START SOURCE MATERIAL

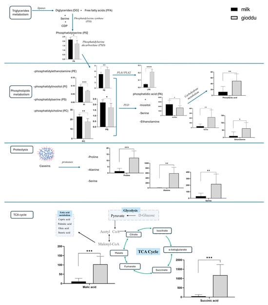 As reported, Gioddu samples exhibited lower levels of sugars such as galactose and inositol compared to sheep milk samples, while showing higher concentrations of carboxylic acids including hydroxyisovaleric, succinic, malic, hydroxyglutaric, and glyceric acids. In addition, amino acids such as alanine, proline, serine, and ethanolamine were identified as discriminant features between the two sample types, showing significantly higher levels in Gioddu compared to raw sheep milk. The metabolomic differences observed between Gioddu and sheep milk samples reveal distinct biochemical profiles likely influenced by species-specific metabolism and microbial fermentation processes.
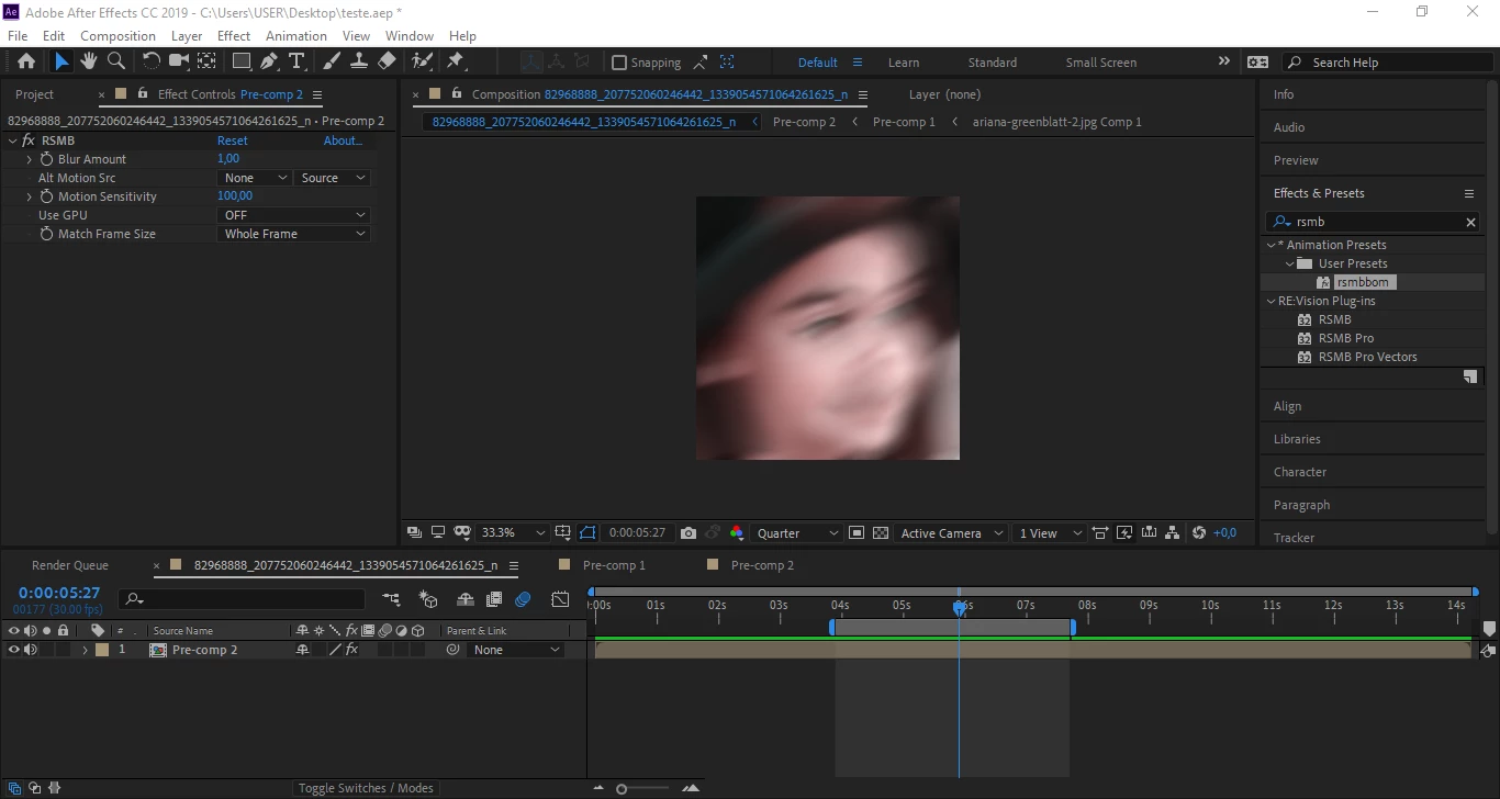 Hello. I've been struggling alot these days because i cannot figure out how to solve this rsmb bug 😞 everytime i try to add rsmb to my composition it looks weird in few frames...even if i change the settings. does anyone know how to solve this ? i search on yt but i cannot find any solution and i would love to solve this seriously. Thank you in advance
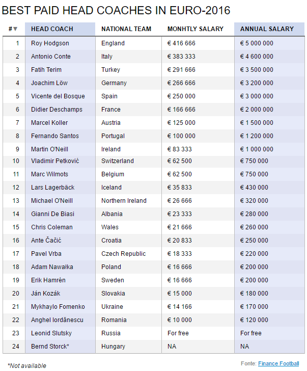 Самым высокооплачиваемым наставником оказался рулевой сборной Англии Рой Ходжсон, который получает 416 тысяч евро в месяц.

END SOURCE MATERIAL

WHAT IS BEING ASKED:
A verbatim copy of the data, with all pictures omitted, is the required output.

ANSWER SPACE:
 As reported, Gioddu samples exhibited lower levels of sugars such as galactose and inositol compared to sheep milk samples, while showing higher concentrations of carboxylic acids including hydroxyisovaleric, succinic, malic, hydroxyglutaric, and glyceric acids. In addition, amino acids such as alanine, proline, serine, and ethanolamine were identified as discriminant features between the two sample types, showing significantly higher levels in Gioddu compared to raw sheep milk. The metabolomic differences observed between Gioddu and sheep milk samples reveal distinct biochemical profiles likely influenced by species-specific metabolism and microbial fermentation processes.
 Hello. I've been struggling alot these days because i cannot figure out how to solve this rsmb bug 😞 everytime i try to add rsmb to my composition it looks weird in few frames...even if i change the settings. does anyone know how to solve this ? i search on yt but i cannot find any solution and i would love to solve this seriously. Thank you in advance
 Самым высокооплачиваемым наставником оказался рулевой сборной Англии Рой Ходжсон, который получает 416 тысяч евро в месяц.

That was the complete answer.